In 2012, the facade rose window was restored by a glass preservation team of Larry Gordon and Reuben Bechtold who reused as much of the old glass as possible. The frame was redone out of old cypress and restorers  were able to reuse a good deal of the old glass.  did the work. 

Also in 2012, a complete historic structures report and preservation plan was prepared for the building. To do everything that is needed it is estimated at least $3.5 million dollars will be needed. This will require a big congregational commitment and creative fund raising to establish some public-private partnerships. It can be done - Kehila Kedosha Janina on Broome Street is proof of what is possible.

This summer a new restoration effort  in getting started. It will be hard work. But it begins. The congregation recently approved a plan to move ahead with approximately $200,000 in essential repairs.
NY, NY. Stanton Street Shul. Zodiac sign (Pisces / Dagim) for month of Adar Detail of Photo: Samuel Gruber (2017).


The shul that stands at 180 Stanton Street is the first American home of Congregation Bnai Jacob Anshe Brzezan ("Sons of Jacob, People of Brzezan"). Incorporated in 1893, the community of Jewish immigrants from the town of Brzezan in Southeast Galicia, (formerly Austria-Hungary, then Poland, now the Ukraine), created their place of worship from an existing structure on the site in 1913, within a thriving Lower East Side Jewish community....

... The stone and brick structure is wedged into a tiny, narrow lot—only twenty feet wide and roughly 100 feet long. A three-story building, the synagogue houses the beis midrash (house of study) in the basement, where members daven during the week in daily prayer. It includes a raised reader’s platform, and a built-in ark for the torah scrolls at the north end. Rising above the room on either side are galleries for the women’s section, and a pressed-metal ceiling with two octagonal skylight domes. A series of 12 wall paintings of the months, with zodiac signs – said to be unique to the Lower East Side – date back at least to 1939.

In 1952, Anshei Brzezan merged with the joint congregation Bnai Joseph Dugel Macheneh Ephraim which represented two other towns from Poland, Rymanow and Bluzhower, a common practice at a time when the Jewish LES was shrinking so rapidly. Many of the shuls were also being displaced by the urban renewal projects taking place in lower Manhattan in the late 50s. The Stanton Street Shul, located in a Latino part of the Lower East Side, was one of only a few that survived.

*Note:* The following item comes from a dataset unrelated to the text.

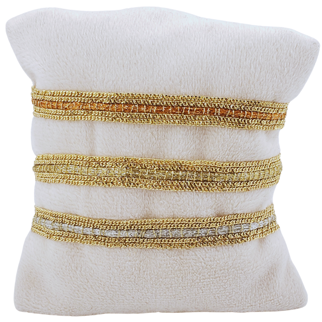 Bronce chapado 24k en dorado e hilo en diferentes tonos

Again, from the congregation website:
 

The survival of this small shul (one of approximately a dozen functioning synagogues in the neighborhood today) is not only a testament to the perseverance of its elderly, immigrant members, for whom it is a true home and living memorial to otherwise forgotten towns. It is also a symbol of the renewal of the Lower East Side as a neighborhood where younger Jews with their own traditions are now moving in and forming connections, reweaving the chain of generations so nearly unraveled in the turmoil of the twentieth century.